Леопард смотрел на меня, в глазах его стояла влага. Он попытался что-то сказать, но прозвучало это лишь набором звуков, вроде нытья, хотя был он слишком смел, чтобы ныть. Мне до жути хотелось продырявить что-нибудь. И тут под ним, нарастая, разом загремело что-то. Почва рассыпалась в прах, и его затянуло под землю. Отпрыгнув, я выкрикнул его имя. Он с силой вытолкнул руку из земли и бился, бился, но земля поглотила его. Я поднял взгляд как раз тогда, когда Аеси накинул капюшон на голову.
– Ты убил его!
Я выхватил топорик.
– Сучий потрох, ты убил его, – сказал я.
– Следопыт, до чего ж ты вымотался. В течение скольких лун ты представлял, как убьешь этого зверя. В джунглях сновидений горло ему располосовал. К дереву привязал и сжег его. Тыкал всем, чем только можно, во все части его тела. Ты нож к его шее приставлял. Называл его причиной всех своих несчастий. А вот сейчас вопишь, когда, наконец, добился того, чего желал.
– Никогда я такого не желал.
– А тебе и не надо было.
– Ступай опять ко мне в голову, и ты…
– И я – что?
– Освободишь его.
– Нет. Это тебе не надо было.
– Ты знаешь: я убью тебя.
– Ты знаешь: у тебя не получится.
– Ты знаешь: я попробую.
Мы стояли на месте. Я побежал обратно туда, где лежал Леопард. Земля вспучилась холмиком новой могилы. Я уже готов был отрывать его голыми руками, когда позади раздался посвист: порыв холодного ветра, похожий на дымок.
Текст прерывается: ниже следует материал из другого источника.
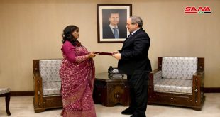 دمشق-سانا تسلم الدكتور فيصل المقداد وزير الخارجية والمغتربين اليوم أوراق اعتماد السفيرة ناهد سبحاني سفيراً غير مقيم لجمهورية بنغلادش الشعبية لدى الجمهورية العربية السورية. ورحب الوزير المقداد بالسفيرة سبحاني متمنياً لها التوفيق والنجاح في أداء مهامها وتعزيز العلاقات بين البلدين …

Он метнулся в холмик и проделал в нем дыру шириной с мой кулак.
– Теперь он дышит, – сказал Аеси. – Он не умрет.
– Вытащи его.
– Ты бы лучше подумал, Следопыт, чего тебе хочется в эти последние дни. Любви или мести. Того и другого тебе не получить. Дадим ему самому выбраться. Займет это у него сколько-то дней, но сил ему точно хватит. И хватит беситься от ярости. Идем, Следопыт. Сасабонсам днем спит.
Они с Найкой сели на лошадей. Холмик был чересчур недвижим. Я отошел, но все еще посматривал. Показалось, что я слышу его, но то были создания утренней зари. Мы ускакали.
Утренние боги укротили дневной свет. Лес был уже на виду, но все же не близко. Лошади устали, я чувствовал это. Не стал кричать Аеси, чтоб остановился, хотя он и перешел на рысь. Сасабонсам, должно быть, отправился спать. Я подъехал к Аеси.
– Лошадям бы передохнуть, – сказал.
– Они нам не понадобятся, когда до леса доберемся.
– Не в том дело. – Я остановил свою лошадь и спешился. Найка с Аеси переглянулись. Найка кивнул.